MAKE A PLAN AND STICK WITH it. That’s one piece of investing advice that gurus of all sorts—no matter how they approach the market—agree on. What they’re talking about is having an asset allocation plan, which divvies up your money into stocks, bonds, cash and other assets in appropriate proportions according to your goals, how long you plan to invest and your tolerance for risk. The advice is sound. By spreading your money among different kinds of assets—diversifying your investments, essentially—you lower the chance that you’ll lose money because, theoretically, they won’t move in lockstep.
But asset allocation strategies were seriously tested in 2022, when stocks and bonds fell in tandem. Diversification goes out the window during such market crashes, “just when investors need it the most,” says Sebastien Page, chief investment officer at T. Rowe Price and author of Beyond Diversification: What Every Investor Needs to Know About Asset Allocation.
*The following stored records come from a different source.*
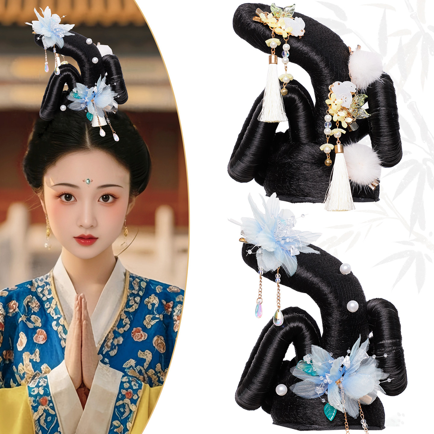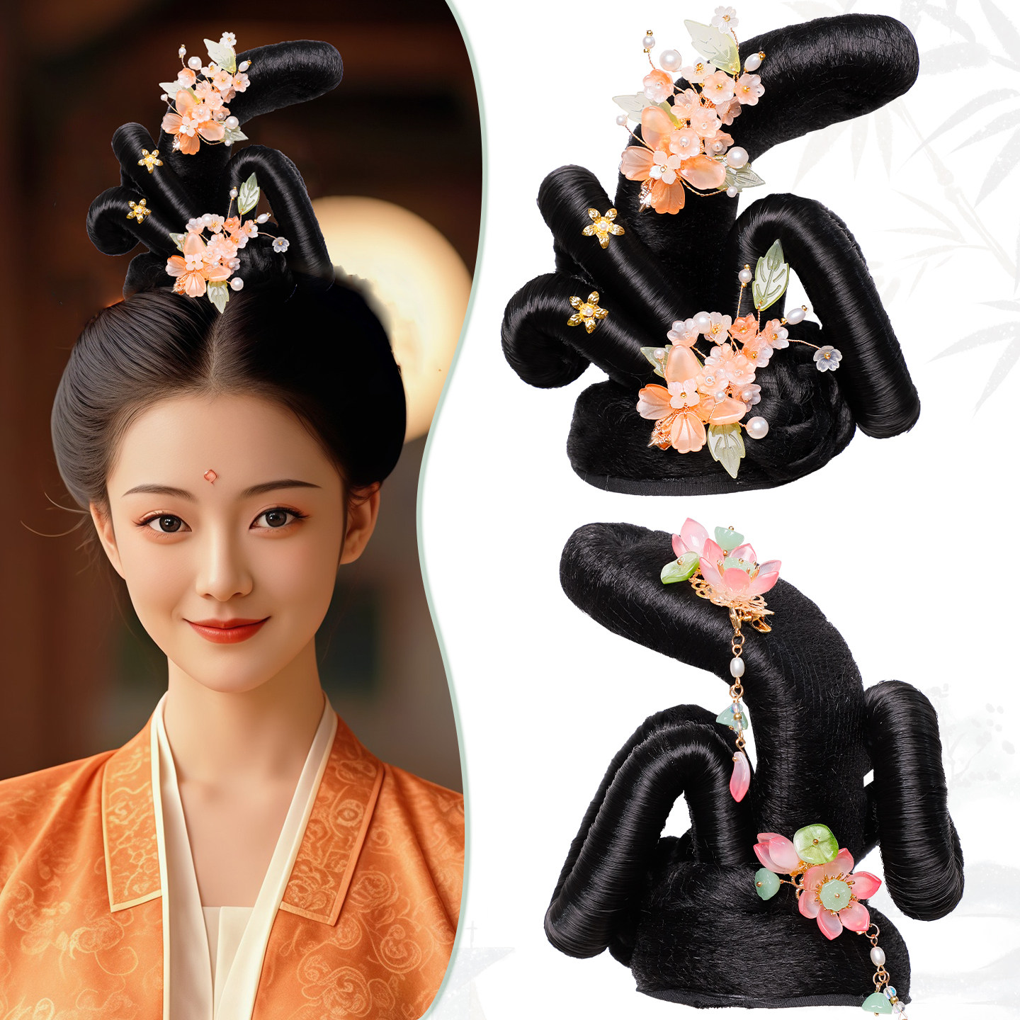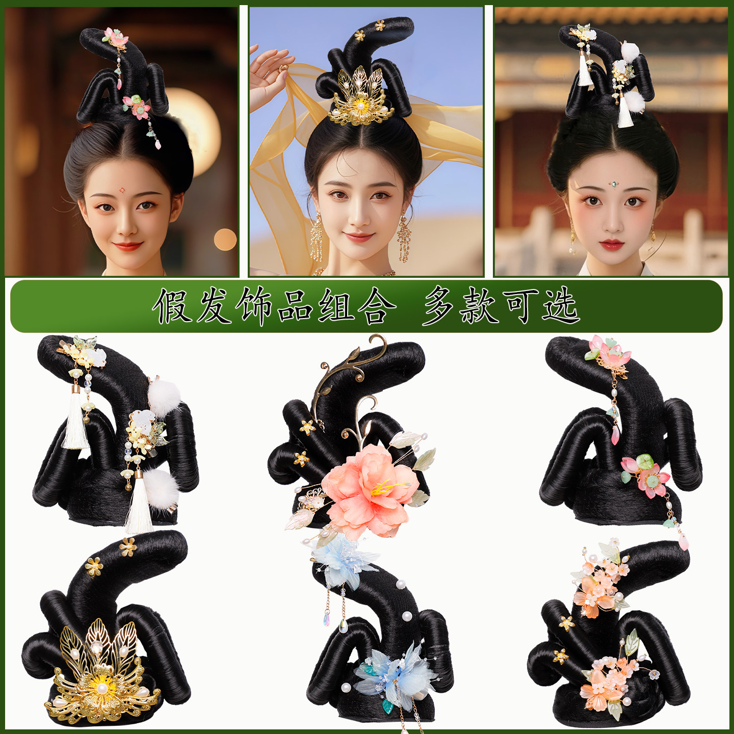 📚 古典唐风舞蹈假发头饰组合演出敦煌发髻古装发饰花朵配饰写真搭配
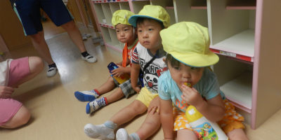 同じ色の帽子を被ったグループのお姉さん・お兄さんがお部屋まで迎えに来てくれます。
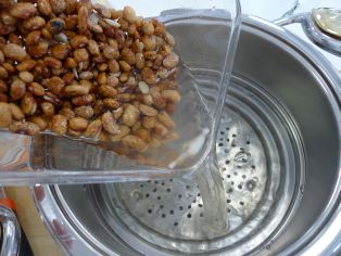 Zlejeme fazuľu z vody. Vsypeme do hrnca a zalejeme čerstvou vodou. Prikryjeme tlakovou pokrievkou a varíme pod tlakom 5 - 7 minuút podľa toho ako stará bola fazuľa.
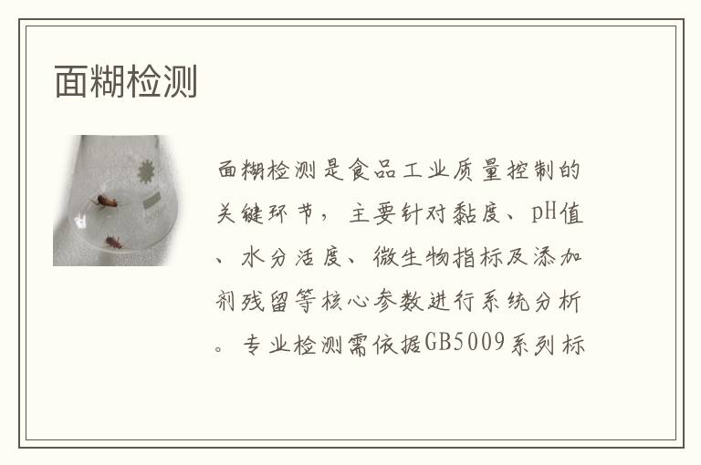 固含量檢測(cè):測(cè)量面糊中非揮發(fā)性物質(zhì)的百分比,固含量過(guò)高或過(guò)低會(huì)影響干燥時(shí)間和最終產(chǎn)品質(zhì)地,需通過(guò)加熱失重法精確測(cè)定。

Even so, asset allocation matters. One old Wall Street saw says it drives 90% of portfolio returns. But in fact, asset allocation affects portfolio volatility more than returns. “You engage in asset allocation because, like ballast in a boat, you want to minimize the sway of the portfolio,” says Sam Stovall, chief investment strategist at investment research firm CFRA Research. More important, “because you’re smoothing out the fluctuations, your emotions are less likely to become your portfolio’s worst enemy,” he says.
Diese Geschichte stammt aus der August 2023-Ausgabe von Kiplinger's Personal Finance.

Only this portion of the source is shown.